TASK REQUIREMENTS
Pictures are to be dropped from the copy. Retype the listing exactly.

SUPPLIED MATERIAL
- Opening Delimiter -
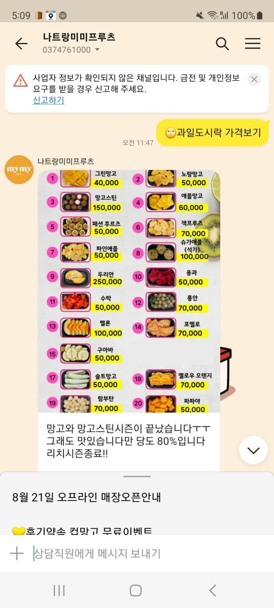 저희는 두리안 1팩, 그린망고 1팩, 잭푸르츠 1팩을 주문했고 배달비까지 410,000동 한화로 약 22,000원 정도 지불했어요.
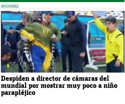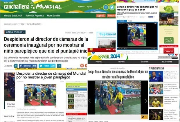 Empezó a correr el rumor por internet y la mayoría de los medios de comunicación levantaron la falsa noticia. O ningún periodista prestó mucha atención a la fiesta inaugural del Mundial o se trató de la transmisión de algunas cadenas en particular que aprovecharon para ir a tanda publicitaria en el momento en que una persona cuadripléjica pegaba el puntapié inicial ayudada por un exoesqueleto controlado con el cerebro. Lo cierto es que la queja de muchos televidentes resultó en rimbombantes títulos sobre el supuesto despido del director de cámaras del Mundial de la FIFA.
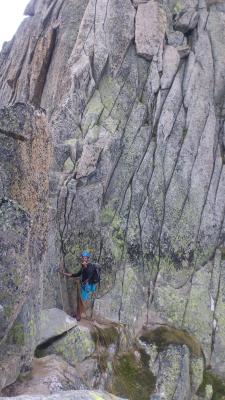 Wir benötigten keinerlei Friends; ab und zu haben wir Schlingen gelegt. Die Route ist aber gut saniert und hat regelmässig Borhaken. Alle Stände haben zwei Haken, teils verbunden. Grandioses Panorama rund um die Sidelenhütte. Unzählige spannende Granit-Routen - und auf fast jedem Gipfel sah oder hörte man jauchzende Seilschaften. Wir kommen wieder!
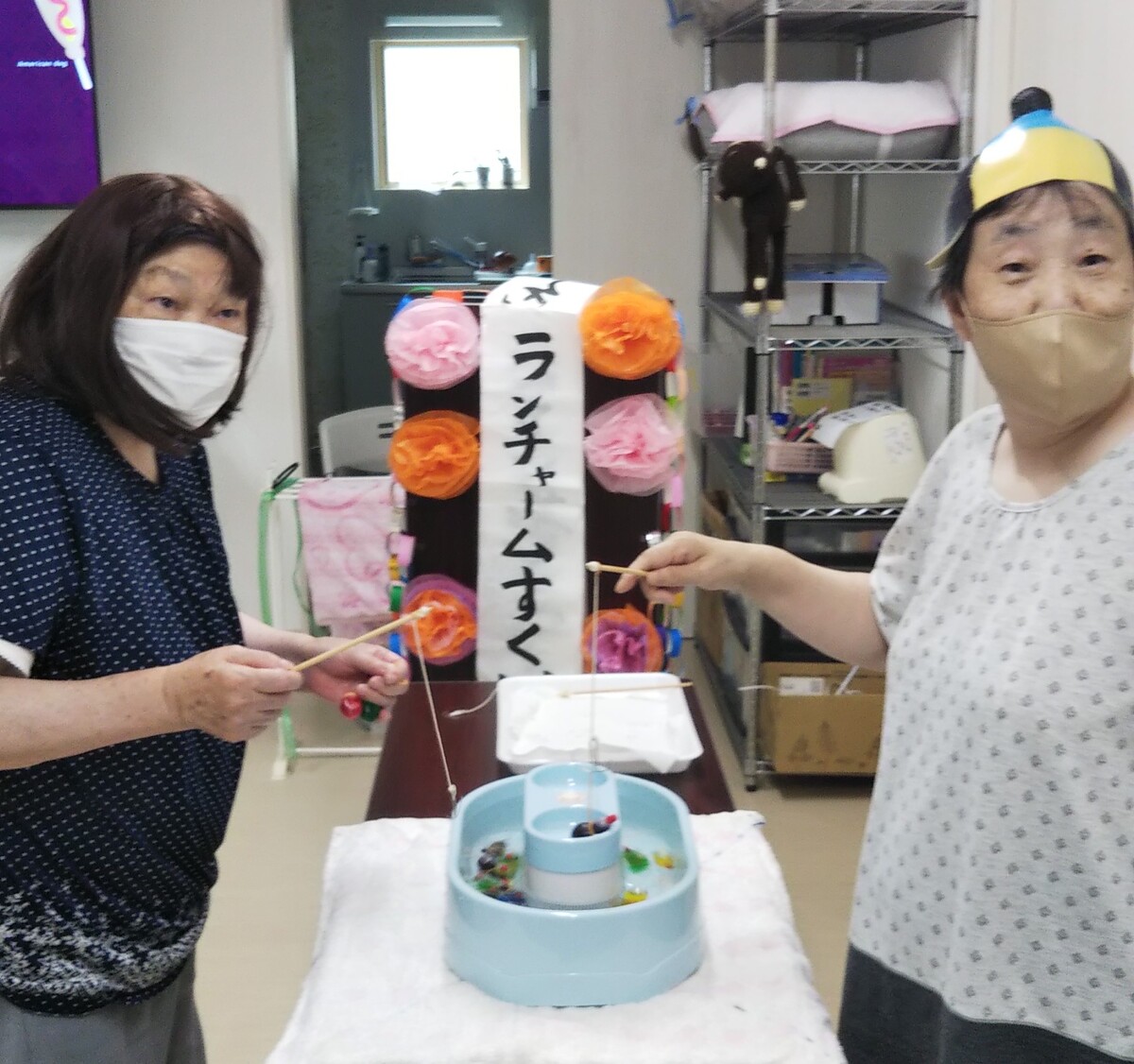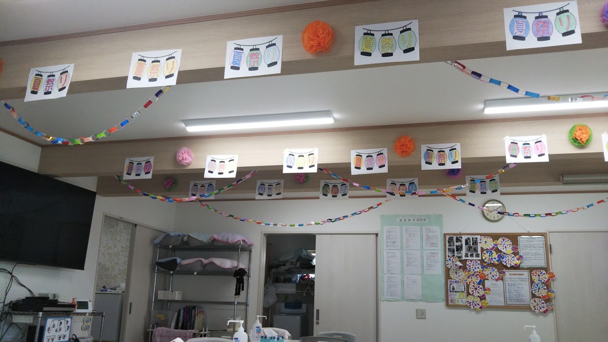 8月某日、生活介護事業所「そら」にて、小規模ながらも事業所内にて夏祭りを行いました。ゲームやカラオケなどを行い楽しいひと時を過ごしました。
- Closing Delimiter -
OUTPUT
 저희는 두리안 1팩, 그린망고 1팩, 잭푸르츠 1팩을 주문했고 배달비까지 410,000동 한화로 약 22,000원 정도 지불했어요.
 Empezó a correr el rumor por internet y la mayoría de los medios de comunicación levantaron la falsa noticia. O ningún periodista prestó mucha atención a la fiesta inaugural del Mundial o se trató de la transmisión de algunas cadenas en particular que aprovecharon para ir a tanda publicitaria en el momento en que una persona cuadripléjica pegaba el puntapié inicial ayudada por un exoesqueleto controlado con el cerebro. Lo cierto es que la queja de muchos televidentes resultó en rimbombantes títulos sobre el supuesto despido del director de cámaras del Mundial de la FIFA.
 Wir benötigten keinerlei Friends; ab und zu haben wir Schlingen gelegt. Die Route ist aber gut saniert und hat regelmässig Borhaken. Alle Stände haben zwei Haken, teils verbunden. Grandioses Panorama rund um die Sidelenhütte. Unzählige spannende Granit-Routen - und auf fast jedem Gipfel sah oder hörte man jauchzende Seilschaften. Wir kommen wieder!
 8月某日、生活介護事業所「そら」にて、小規模ながらも事業所内にて夏祭りを行いました。ゲームやカラオケなどを行い楽しいひと時を過ごしました。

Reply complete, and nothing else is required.